Environmentalists hail the Supreme Court ruling as a critical precedent for a Third World country that has virtually ignored the impact of pollution caused by its expanding industries and population. Although courts have acted in isolated pollution cases in the past, environmentalists say this intervention was the most far-reaching.

“This is a landmark judgment on environmental awareness,” said Mehta, who works in a cramped office in a converted garage in New Delhi. “The situation is so bad all over the country. My case is not exclusively to save the Taj, it’s also to save the people of the area.”

Industrialists and many government officials argue that the court’s shutdown of foundries, factories and workshops was unfair, throwing an estimated 13,000 workers out of jobs for the sake of a monument that they say is being damaged more by the half-million tourists who descend on it each year than by the industries, some of which are miles away.

“People talk about the Taj too much,” said Shankar Nath, director of monuments for the Archeological Survey of India, the government agency charged with preserving historic sites. “All white things become ivory with the passage of time. How can you expect a 100-year-old man to look like a 25-year-old man?”

Advertisement

In Agra, a gritty, northern industrial city, about 10% of the 1.1 million residents depend either directly or indirectly on the country’s most popular tourist attraction for their livelihood. But anti-Taj sentiments are growing among citizens who believe the monument is responsible for too many layoffs and business restrictions in the area.

“The biggest issue at present is . . . our survival,” said Sunil Kumar Goyal, 43, whose foundry was closed and will not be allowed to reopen until he installs pollution-control equipment. Goyal said his 50 employees “have gone to look for jobs in other industries. All my clients have stopped payment. I’m just sitting, doing no work.”

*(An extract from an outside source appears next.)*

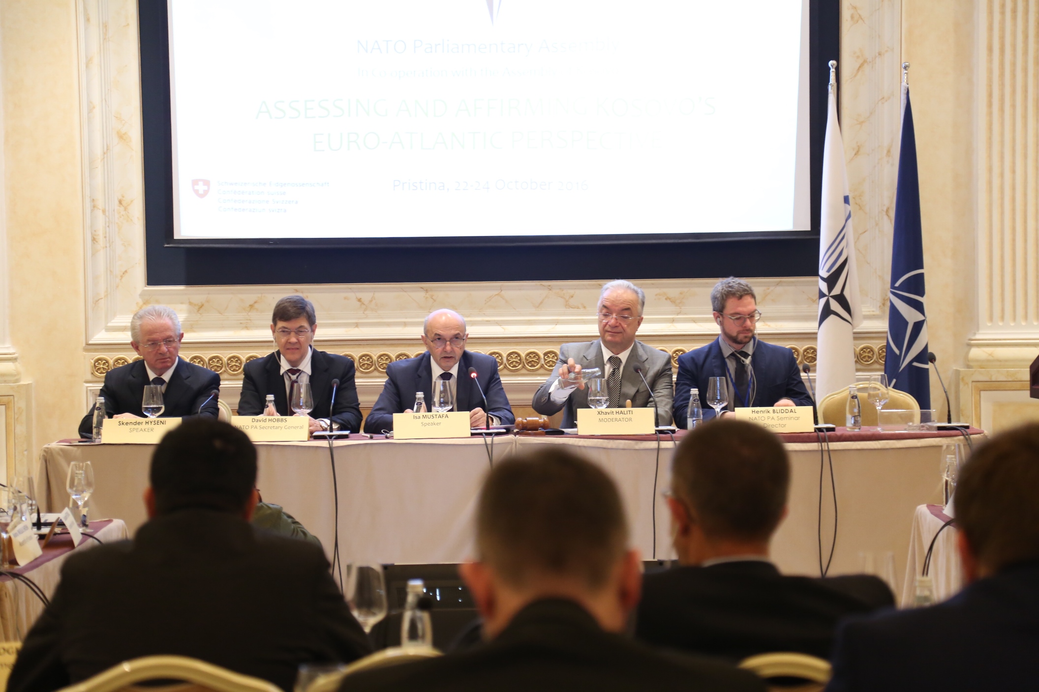 Të nderuar anëtarë të Asamblesë së NATO-s, ju uroj mirëseardhje në Kosovë dhe po ashtu shpreh gëzimin dhe mburrjen tonë që ju kemi këtu të gjithë juve dhe që kemi shansin që bashkërisht të bisedojmë për disa çështje që ne i vlerësojmë të rëndësishme që t’i ndajmë së bashku me ju.

Officials who oversee operations of the Taj Mahal said the public resentment is increasing security threats to the monument, which already is considered a high-risk target for terrorism amid the violent political turbulence of South Asia.

The battle here has been bitter. When some Agra industries ignored the ruling in October, officials cut off their electricity and padlocked their doors. In the nearby town of Firozabad, firefighters were called to douse the furnaces of industries that refused to halt operations.

The chief government bureaucrat for Agra, Desh Deepak Verma, who has become the local arbiter between angry industry owners and the courts, said many of his city’s citizens have been “shortsighted.”

“The industries knew they were at fault,” said Verma, taking a break from the daily parade of citizens who appear at his office each day to air grievances on everything from Taj-related job problems to neighborhood sewer deficiencies. “But everyone says, ‘It’s not us; it’s them.’ It’s a question of apportioning the blame.”

Advertisement

Nearly 6,000 industries are located in the Agra area, more than one-third of which Mehta and other environmentalists believe are combining to damage the Taj Mahal and the health of residents. Many of the bigger polluters, including a government-owned oil refinery, remain untouched by the court ruling--and Mehta is preparing to petition the court to expand its decree to cover more of them.